My letters! all dead paper, mute and white!
And yet they seem alive and quivering
Against my tremulous hands which loose the string
And let them drop down on my knee to-night.
This said,—he wished to have me in his sight
Once, as a friend: this fixed a day in spring
To come and touch my hand . . . a simple thing,
Yet I wept for it!—this, . . . the paper's light . . .
Said, Dear, I love thee; and I sank and quailed
As if God's future thundered on my past.
This said, I am thine—and so its ink has paled
With Iying at my heart that beat too fast.
And this . . . O Love, thy words have ill availed
If, what this said, I dared repeat at last!
When we met first and loved, I did not build
Upon the event with marble. Could it mean
To last, a love set pendulous between
Sorrow and sorrow? Nay, I rather thrilled,
Distrusting every light that seemed to gild
The onward path, and feared to overlean
A finger even. And, though I have grown serene
And strong since then, I think that God has willed
A still renewable fear . . . O love, O troth . . .
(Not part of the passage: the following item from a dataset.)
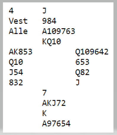 Dette kan du ta som en spilleprøve i kontrakten 5 hjerter. Meldingen gikk forskjellig rundt omkring, men la oss si vest passet som giver, nord åpnet med 1 ruter og øst hoppet inn med 2 spar. Du sa 3 hjerter, vest spratt i 4 spar og makker på nords plass var modig og sa 5 hjerter.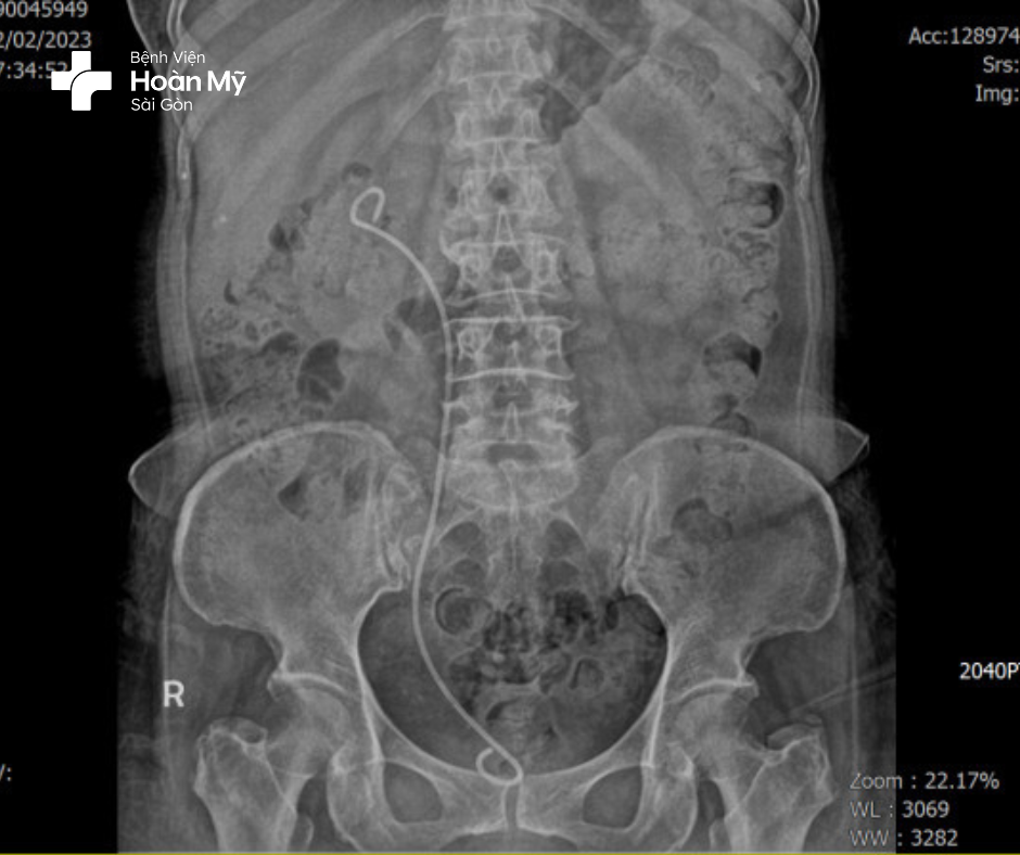 Người bệnh lập tức được chuyển đến hoa Hồi sức tích cực để điều trị và được tiến hành hội chẩn toàn viện để phẫu thuật giải quyết tình trạng tắc nghẽn do sỏi bằng phương pháp đặt sonde JJ niệu quản phải.

Lest these enclasped hands should never hold,
This mutual kiss drop down between us both
As an unowned thing, once the lips being cold.
And Love, be false! if he, to keep one oath,
Must lose one joy, by his life's star foretold.
I see thine image through my tears to-night,
And yet to-day I saw thee smiling. How
Refer the cause?—Beloved, is it thou
Or I, who makes me sad? The acolyte
Amid the chanted joy and thankful rite
May so fall flat, with pale insensate brow,
On the altar-stair. I hear thy voice and vow,
Perplexed, uncertain, since thou art out of sight,
As he, in his swooning ears, the choir's Amen.
Beloved, dost thou love? or did I see all
The glory as I dreamed, and fainted when
Too vehement light dilated my ideal,
For my soul's eyes? Will that light come again,
As now these tears come—falling hot and real?